-- Records follows --
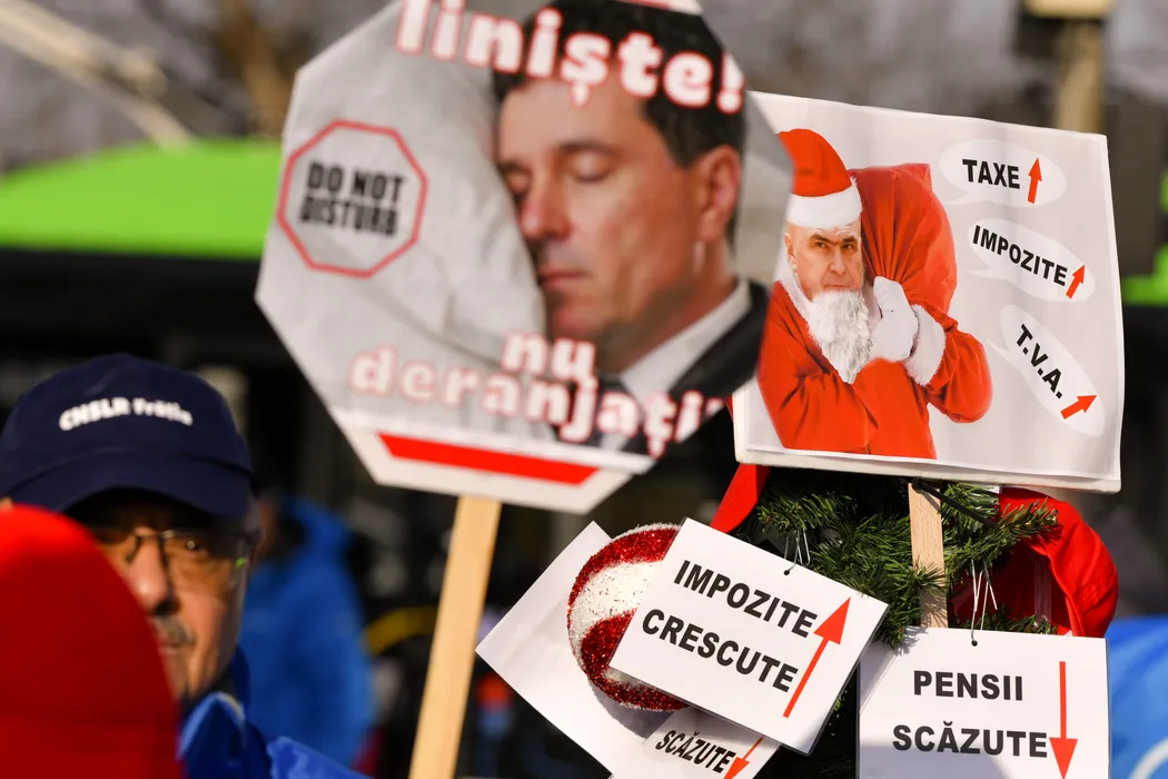 Sindicalisti din patru confederatii ies in strada la Palatul Cotroceni, solicitand Presedintiei implicarea intr-o mediere intre Guvern si partenerii sociali, pe fondul tensiunilor generate de masurile de austeritate si nivelul salariului minim pe economie, in Bucuresti, joi, 18 decembrie 2025. ALEXANDRU DOBRE / MEDIAFAX FOTO
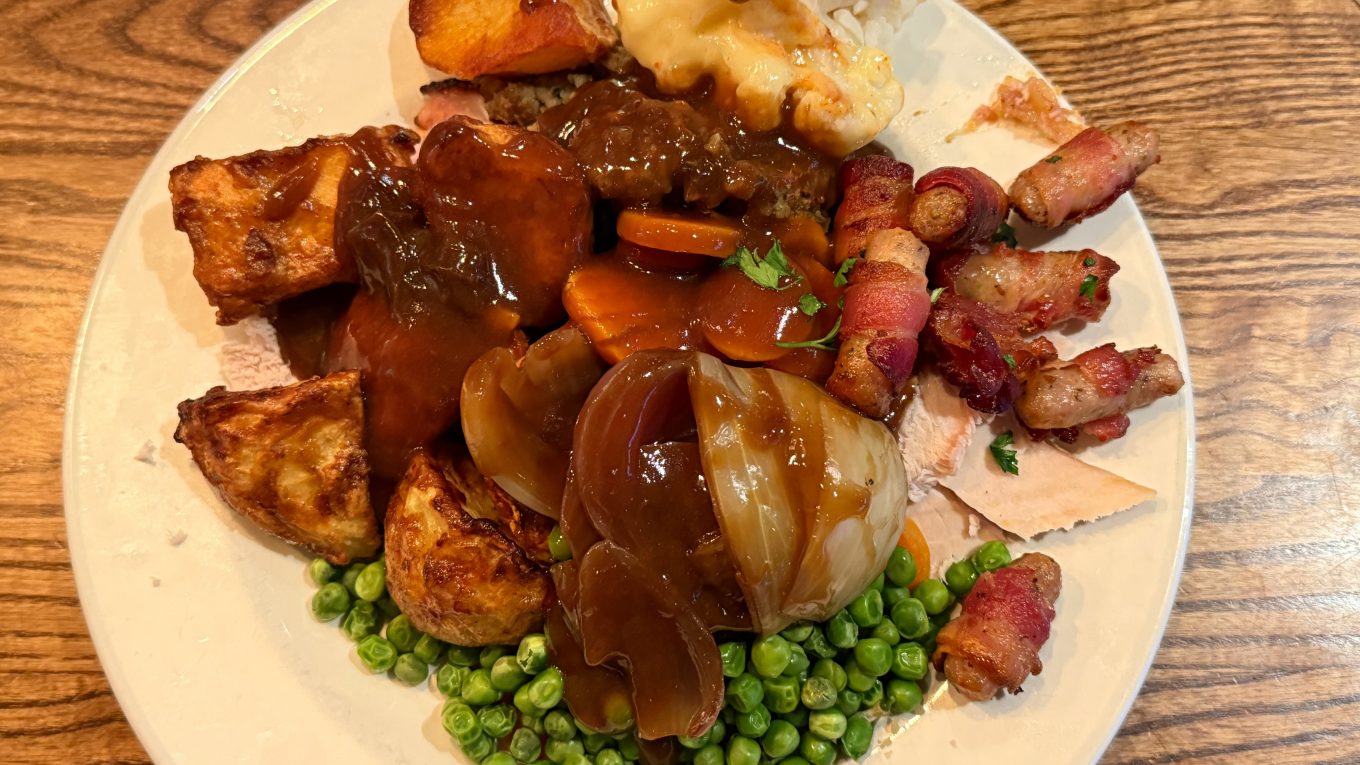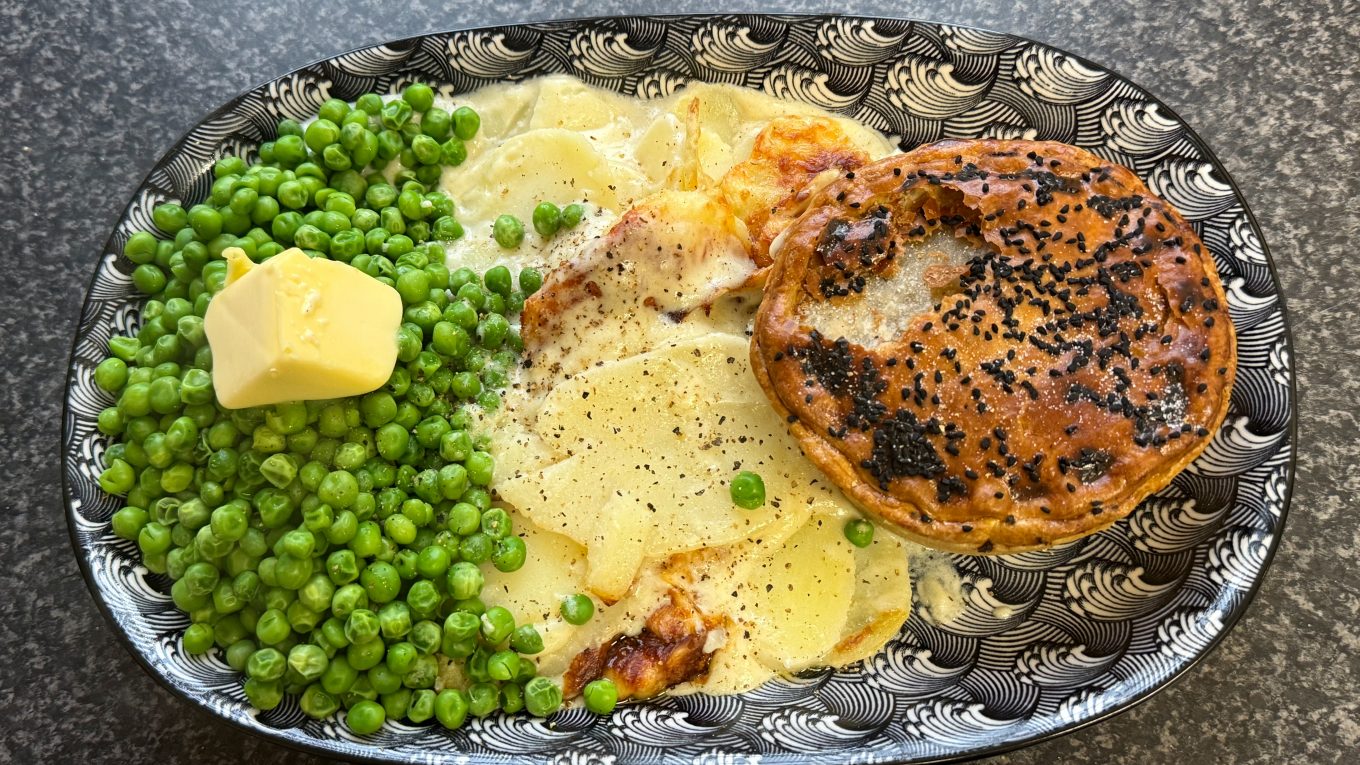 STEAK PIE, POTATO DAUPHINOISE, PEAS
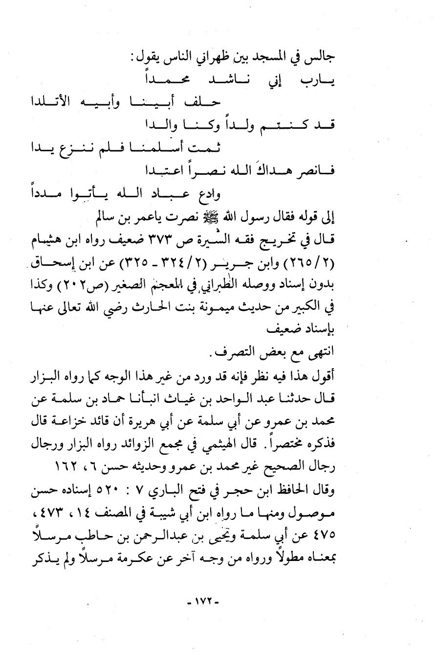 قال في تخريج فقه السيرة (ص 373) : ضعيف. رواه ابن هشام (2/265) ، وابن جرير (2/324-325) عن ابن إسحاق بدون إسناد، وصله الطبراني في المعجم الصغير (ص 202) ، وكذا في الكبير من حديث ميمونة بنت الحارث رضي الله تعالى عنها بإسناد ضعيف
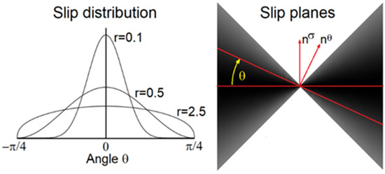 The angle and two invariants and of stress deviator complete the relation. It turns out that is the maximum shear stress. It is worth mentioning that several tensor representations have been developed and some of them are reported in [30]. In the current (Tresca) description, the -vectors and are co-rotational with the dominant slip plane and. As a result, the plastic flow (Equation (2)) becomes
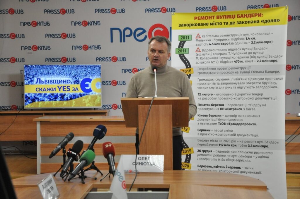У п’ятницю, 13 листопада відбулася спільна прес-конференція ексміністра інфраструктури Володимира Омеляна та народного депутата, кандидата на міського голови Львова Олега Синютки на тему “Ремонт вулиці Бандери у Львові: куди зникають мільйони”.
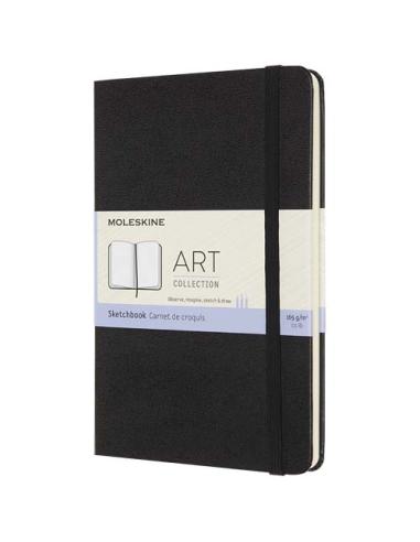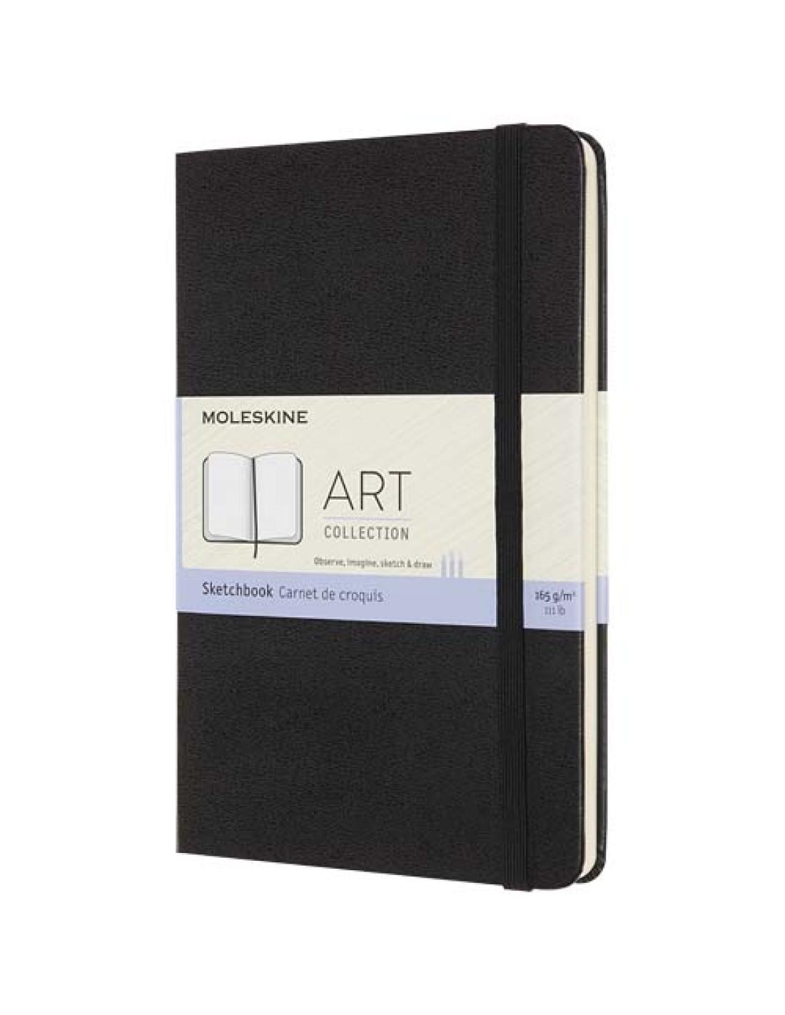 El cuaderno de dibujo mediano "Moleskine" está encuadernado en cartón, tiene las tapas redondeadas y papel de primera calidad libre de ácidos. El cuaderno de dibujo cuenta con un marcapáginas, un cierre elástico y un bolsillo interior extensible que contiene la historia de "Moleskine".
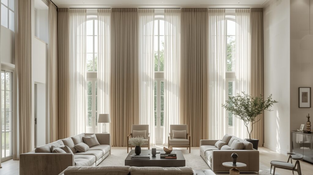 Don’t just decorate side-to-side — think up! Use tall bookshelves, vertical art, or stacked decor to draw the eye upward.
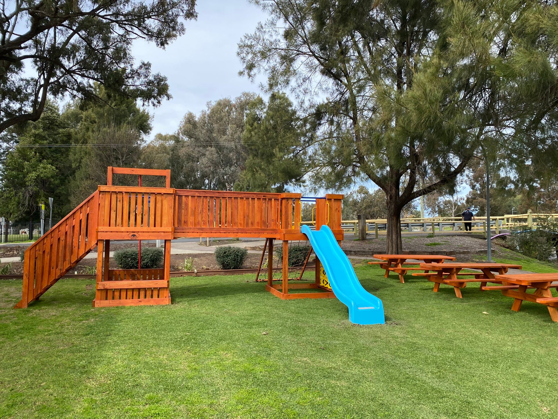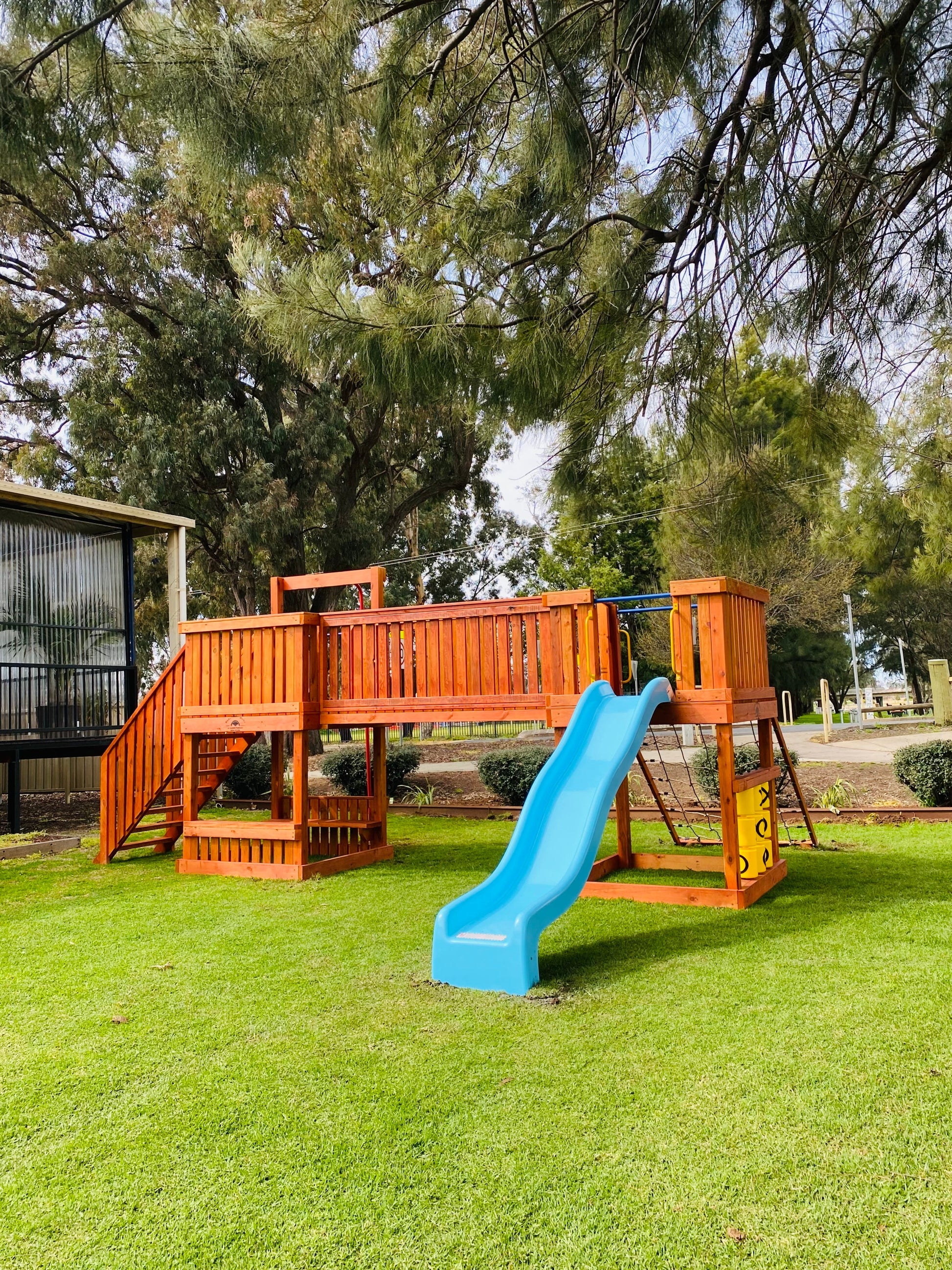 Each deck floor is 1500mm off the ground and has a 3.1m fibreglass slide to suit this deck height. You can choose the colour of your slide when you order.
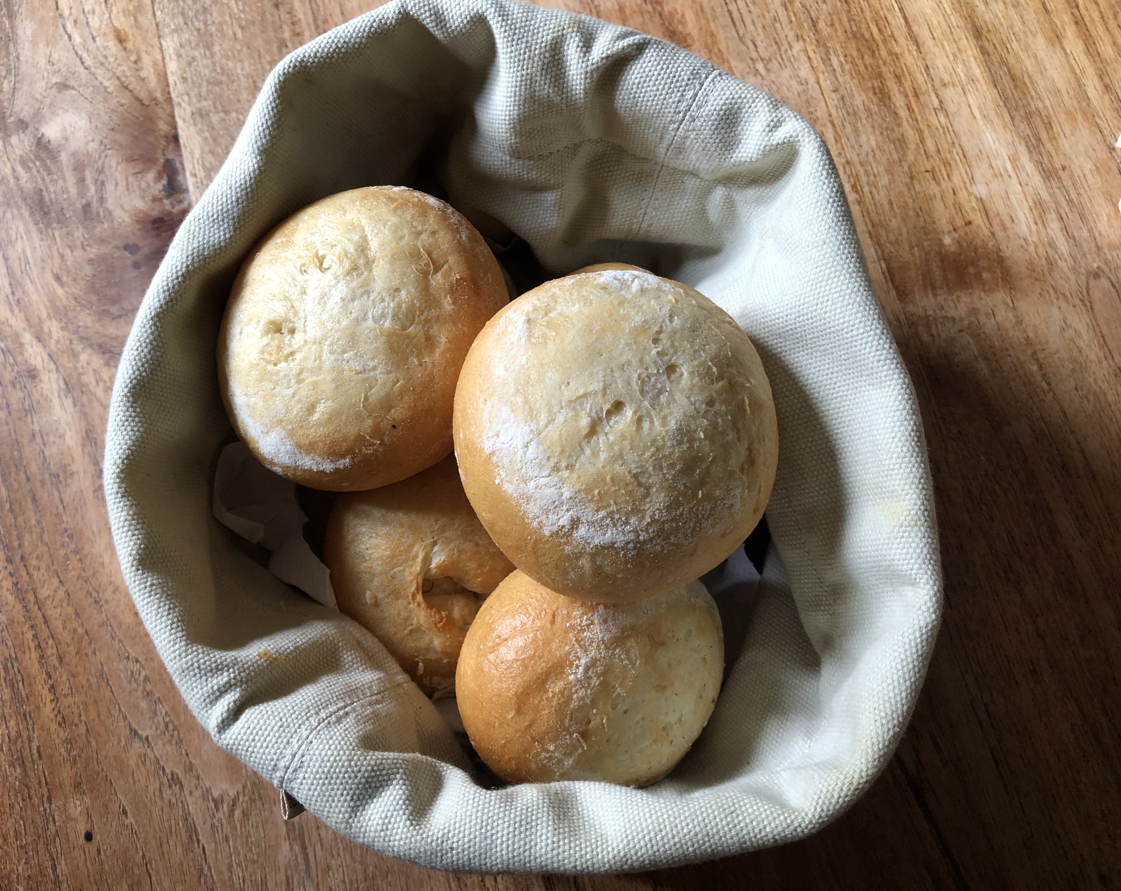 Getting bread deliveries has been a real small pleasures. We’ve had some excellent produce from Arobake, ranging from croissants for Easter Sunday breakfast, to a caraway and rye sourdough for our Easter lunch and these lovely semmel rolls, served warm with soup.
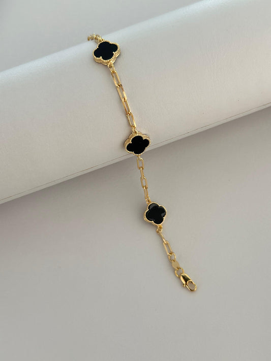 Pulsera trébol negro con eslabones
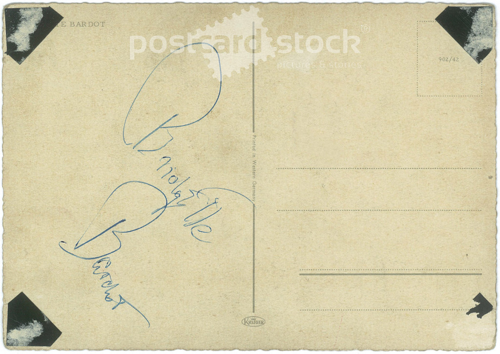 11955 - Brigitte Bardot French actress, singer. German postcard by Krüger. Photo: Cornel Lucas, Advertising image for the film Doctor at Sea. Original paper image. Old photo. Colored photo, old postcard. (2793875)
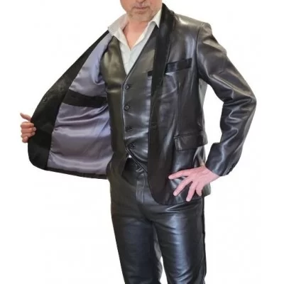 Superbe Gilet très mode en cuir d'agneau plongé noir cuir très haut de gamme. Gilet avant et arrière en cuir, fermeture par boutons. Vous pouvez sans supplément avoir ce gilet dans d'autres longueurs ou avec des changements option personnalisation offerte. Doublure satin.
-- Records concluded --
Directions: Every entry above should come back exactly as written, except for its pictures.

Answer to this problem:
 Sindicalisti din patru confederatii ies in strada la Palatul Cotroceni, solicitand Presedintiei implicarea intr-o mediere intre Guvern si partenerii sociali, pe fondul tensiunilor generate de masurile de austeritate si nivelul salariului minim pe economie, in Bucuresti, joi, 18 decembrie 2025. ALEXANDRU DOBRE / MEDIAFAX FOTO
 STEAK PIE, POTATO DAUPHINOISE, PEAS
 قال في تخريج فقه السيرة (ص 373) : ضعيف. رواه ابن هشام (2/265) ، وابن جرير (2/324-325) عن ابن إسحاق بدون إسناد، وصله الطبراني في المعجم الصغير (ص 202) ، وكذا في الكبير من حديث ميمونة بنت الحارث رضي الله تعالى عنها بإسناد ضعيف
 The angle and two invariants and of stress deviator complete the relation. It turns out that is the maximum shear stress. It is worth mentioning that several tensor representations have been developed and some of them are reported in [30]. In the current (Tresca) description, the -vectors and are co-rotational with the dominant slip plane and. As a result, the plastic flow (Equation (2)) becomes
У п’ятницю, 13 листопада відбулася спільна прес-конференція ексміністра інфраструктури Володимира Омеляна та народного депутата, кандидата на міського голови Львова Олега Синютки на тему “Ремонт вулиці Бандери у Львові: куди зникають мільйони”.
 El cuaderno de dibujo mediano "Moleskine" está encuadernado en cartón, tiene las tapas redondeadas y papel de primera calidad libre de ácidos. El cuaderno de dibujo cuenta con un marcapáginas, un cierre elástico y un bolsillo interior extensible que contiene la historia de "Moleskine".
 Don’t just decorate side-to-side — think up! Use tall bookshelves, vertical art, or stacked decor to draw the eye upward.
 Each deck floor is 1500mm off the ground and has a 3.1m fibreglass slide to suit this deck height. You can choose the colour of your slide when you order.
 Getting bread deliveries has been a real small pleasures. We’ve had some excellent produce from Arobake, ranging from croissants for Easter Sunday breakfast, to a caraway and rye sourdough for our Easter lunch and these lovely semmel rolls, served warm with soup.
 Pulsera trébol negro con eslabones
 11955 - Brigitte Bardot French actress, singer. German postcard by Krüger. Photo: Cornel Lucas, Advertising image for the film Doctor at Sea. Original paper image. Old photo. Colored photo, old postcard. (2793875)
 Superbe Gilet très mode en cuir d'agneau plongé noir cuir très haut de gamme. Gilet avant et arrière en cuir, fermeture par boutons. Vous pouvez sans supplément avoir ce gilet dans d'autres longueurs ou avec des changements option personnalisation offerte. Doublure satin.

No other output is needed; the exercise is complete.